DD describes a world in which social behavior is the norm, but some men temporarily set it aside to think like scientists capable of learning something about reality instead of about who thinks who has a higher social rank than who.

See also The Law of Least Effort as an example of insightful analysis of social dynamics. While some basics about social status and interaction are well known, lots of the details and rules are not well known (or there are well known myths about them).

The core static memes are things which cause this situation and create the social game in the first place, rather than the consequences and details of it. It's whatever makes people second-handed rather than the latest fashion which isn't responsible for the situation. The law of least effort is something deep enough it could be closely related to a core static meme instead of being a superficial consequence like men holding doors open for women, but it's hard to tell.


In response to the basic idea that social dynamics are the essence of irrationality, there's a question one should ask. What about some other candidates for major irrationality issues? For example, superstition, religion and coercive parenting. How do those things fit into this picture?

Religion is a mix of social interaction and superstition (and some useful life advice), so let's turn to superstition. When people are oriented to social reality instead of physical reality, they lose touch with facts and logic. They judge a superstition not by whether it's true but by whether high social status people believe it.
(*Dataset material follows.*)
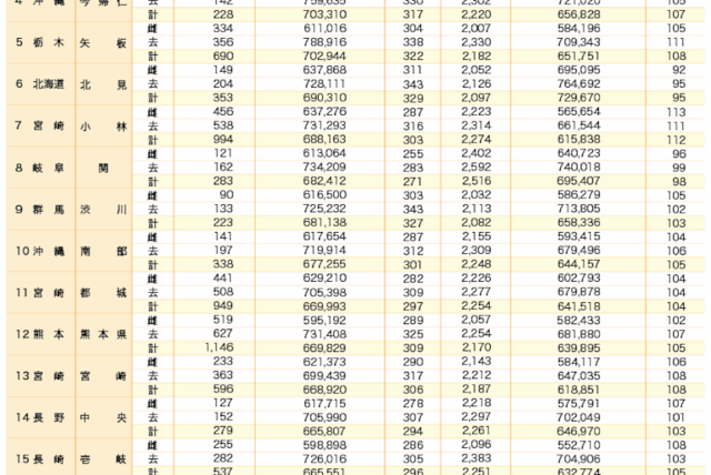 表の見方:①各共励会の受賞牛の上位2位を掲載。 ②順位がない場合は、単価上位2位を掲載。 ③平均値は全体成績の平均。

For parenting, a lot of what parents do is socialize their children. They make them learn to defer to parental authority. They make them learn the social hierarchy of society and how to get along with others. When they say "Because I said so..." they mean because a higher status person said it to a much lower status person.


The problem I've been thinking about, which this post is in response to, is what's going on with people who won't/can't read literally, think logically, get facts right, be precise, etc. Why can't we have some common ground, as a basis for discussion, using standard dictionary English and some simple facts?
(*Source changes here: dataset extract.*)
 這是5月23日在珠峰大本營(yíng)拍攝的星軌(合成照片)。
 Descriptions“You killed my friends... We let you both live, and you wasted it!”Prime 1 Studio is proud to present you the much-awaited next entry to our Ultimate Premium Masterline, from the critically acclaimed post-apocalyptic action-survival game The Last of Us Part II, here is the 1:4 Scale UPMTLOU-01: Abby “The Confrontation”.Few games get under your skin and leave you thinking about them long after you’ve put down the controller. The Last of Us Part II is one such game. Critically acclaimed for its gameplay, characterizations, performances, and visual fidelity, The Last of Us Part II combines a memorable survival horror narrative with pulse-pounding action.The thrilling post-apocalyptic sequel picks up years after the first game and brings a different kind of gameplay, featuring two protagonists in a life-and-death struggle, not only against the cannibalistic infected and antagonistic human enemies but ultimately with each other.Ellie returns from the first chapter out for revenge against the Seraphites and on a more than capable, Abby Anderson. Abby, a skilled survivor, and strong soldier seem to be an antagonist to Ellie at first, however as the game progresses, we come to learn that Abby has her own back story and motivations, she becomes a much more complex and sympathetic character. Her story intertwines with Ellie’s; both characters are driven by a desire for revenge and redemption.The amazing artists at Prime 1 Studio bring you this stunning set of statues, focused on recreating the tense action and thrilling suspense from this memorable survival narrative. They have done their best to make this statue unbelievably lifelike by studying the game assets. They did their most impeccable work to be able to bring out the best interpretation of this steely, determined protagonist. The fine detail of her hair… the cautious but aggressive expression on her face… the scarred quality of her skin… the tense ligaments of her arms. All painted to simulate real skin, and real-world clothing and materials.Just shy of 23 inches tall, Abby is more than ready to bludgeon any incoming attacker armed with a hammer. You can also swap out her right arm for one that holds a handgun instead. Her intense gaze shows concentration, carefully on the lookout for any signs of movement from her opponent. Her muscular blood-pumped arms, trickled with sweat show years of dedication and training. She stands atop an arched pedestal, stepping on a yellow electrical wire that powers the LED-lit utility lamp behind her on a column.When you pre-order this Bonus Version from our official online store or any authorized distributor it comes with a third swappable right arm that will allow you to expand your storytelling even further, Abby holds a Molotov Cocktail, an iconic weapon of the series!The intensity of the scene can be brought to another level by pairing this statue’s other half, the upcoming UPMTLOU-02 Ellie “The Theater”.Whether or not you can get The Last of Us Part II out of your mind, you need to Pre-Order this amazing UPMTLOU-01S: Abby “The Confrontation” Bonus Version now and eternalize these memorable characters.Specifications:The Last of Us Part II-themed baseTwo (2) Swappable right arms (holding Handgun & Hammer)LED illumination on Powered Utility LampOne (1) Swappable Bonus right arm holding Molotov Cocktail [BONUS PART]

It's because they read and write sentences in terms of the loose gist for the reality meaning and focus mostly on the social meaning. While I read and write in terms of the reality meaning while paying only a little attention to the social meaning (overall, I do a lot better than random chance at e.g. not being rude – that shows some awareness of social meanings).

When I ask people to meet me, as common ground, at facts and logic – try to get some little details correct and focus on correctness and go step by step – it doesn't work because they're so oriented to the social world.

When I talk about problems like overreaching or lack of paths forward, those don't work with most people because they are reality/facts/etc oriented. They seem fundamental to me from my perspective, but they aren't designed to have the right social meanings to work for socially-focused people. Overreaching is not the fundamental problem of an overreacher. Living in social reality instead of actual reality is their fundamental problem.